SEZIONE PRIMA CIVILE

Composta dagli Ill.mi Sigg.ri Magistrati:

Dott. ADAMO Mario – Presidente –

Dott. SALME’ Giuseppe – Consigliere –

Dott. ZANICHELLI Vittorio – Consigliere –

Dott. SCHIRO’ Stefano – Consigliere –

Dott. DIDONE Antonio – rel. Consigliere –

ha pronunciato la seguente:

sentenza

sul ricorso 957/2007 proposto da:

O.A., elettivamente domiciliata in ROMA, PIAZZA CAVOUR, presso la CORTE DI CASSAZIONE, rappresentata e difesa dall’avvocato MARRA Alfonso Luigi, giusta procura a margine del ricorso;

– ricorrente –

contro

MINISTERO DELLA GIUSTIZIA;

– intimato –

avverso il decreto N. 50932/05 R.A.D. della CORTE D’APPELLO di ROMA del 10/10/05, depositato il 05/01/2006;

udita la relazione della causa svolta nella Camera di consiglio dell’08/10/2009 dal Consigliere e Relatore Dott. ANTONIO DIDONE;

è presente il P.G. in persona del Dott. PIERFELICE PRATIS.

SVOLGIMENTO DEL PROCESSO

La corte d’appello di Roma, con decreto depositato il 5 gennaio 2006, ha condannato il Ministero della giustizia al pagamento di Euro 500,00, oltre agli interessi al tasso legale dalla data della decisione, a titolo di equa riparazione per il danno non patrimoniale derivante dall’irragionevole durata di un processo (avente ad oggetto la richiesta di pagamento di interessi e rivalutazione su prestazioni corrisposte in ritardo dall’INPS) introdotto da O.A. innanzi al giudice del lavoro di Napoli con ricorso del 19.5.1999, definito con sentenza di accoglimento della domanda in data 15.11.2000 avverso la quale è stato proposto appello ancora pendente il 14.2.2005.
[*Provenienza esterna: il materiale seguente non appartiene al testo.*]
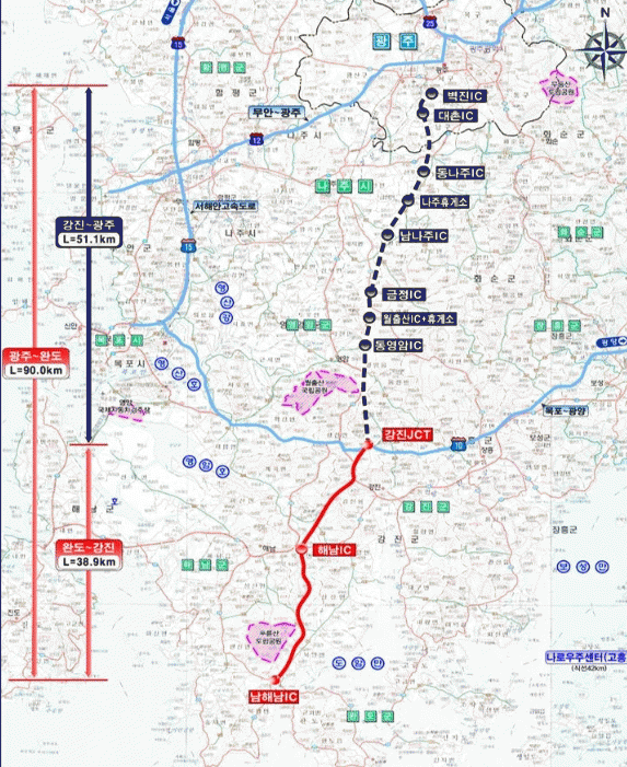 ±¤ÁÖ~¿Ïµµ°£ °í¼Óµµ·Î 2´Ü°è ±¸°£Àº °Áø±º ÀÛõ¸é¿¡¼ ÇØ³²±º ºÏÆò¸é±îÁö 38.9km ±¸°£À¸·Î ±¹ºñ 1Á¶ 5,965¾ï¿øÀÌ ÅõÀԵȴÙ.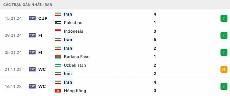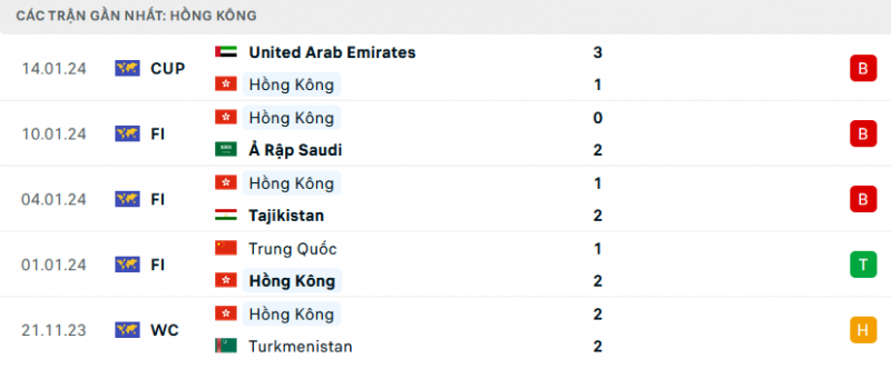 | Các trận gần nhất của Hong Kong (Trung Quốc). |

La corte territoriale ha affermato che, tenendo presente la complessità del caso, la durata ragionevole del giudizio di primo grado doveva essere determinata in due anni e mezzo, così come quello di appello. Pertanto la durata irragionevole, imputabile alle notorie carenze del sistema giudiziario e non al comportamento delle parti, doveva essere determinata in circa un anno.

Ai fini della liquidazione dell’equa riparazione era rilevante, inoltre, soltanto il periodo eccedente il termine ragionevole.

La corte territoriale ha liquidato le spese del giudizio in Euro 750,00.

Avverso la decisione della corte d’appello di Roma l’ O. ha proposto ricorso per Cassazione, affidato a cinque motivi.

Il Ministero non ha svolto attività difensiva.

Il ricorso – acquisite le requisitorie scritte del P.G., il quale ne ha chiesto il rigetto – viene deciso ai sensi dell’art. 375 c.p.c..

MOTIVI DELLA DECISIONE

1. Deducendo diversi profili di violazione e falsa applicazione della L. n. 89 del 2001, art. 2 e dell’art. 6 della convenzione europea dei diritti dell’uomo, così come interpretata dalla giurisprudenza della Corte di Strasburgo, nonchè vizi di motivazione, la ricorrente lamenta che la corte territoriale:

1) ha determinato l’equa riparazione del danno non patrimoniale, la prova del quale è in re ipsa, in misura insufficiente, discostandosi dal parametro utilizzato normalmente dalla corte di Strasburgo (da Euro 1000,00 a Euro 1.500,00 per anno di durata della causa e non per il solo periodo eccedente la durata ragionevole) senza adeguata motivazione, essendo all’uopo insufficiente il riferimento alla modesta entità economica della pretesa, senza tenere in considerazione la natura previdenziale del credito e le condizioni economiche della parte e senza liquidare il “bonus” di Euro 2.000,00 per la suddetta natura del credito vantato;

2) non ha precisato la durata ragionevole del processo, che dovrebbe invece essere determinata, tenendo presente la disciplina delle controversie previdenziali, in sei mesi dal deposito del ricorso;

3) ha liquidato le spese di giudizio non sulla base dei criteri previsti dalle norme che disciplinano i procedimenti davanti alla corte di Strasburgo, ma di quelli previsti dalla norme interne, peraltro applicate in modo incongruo.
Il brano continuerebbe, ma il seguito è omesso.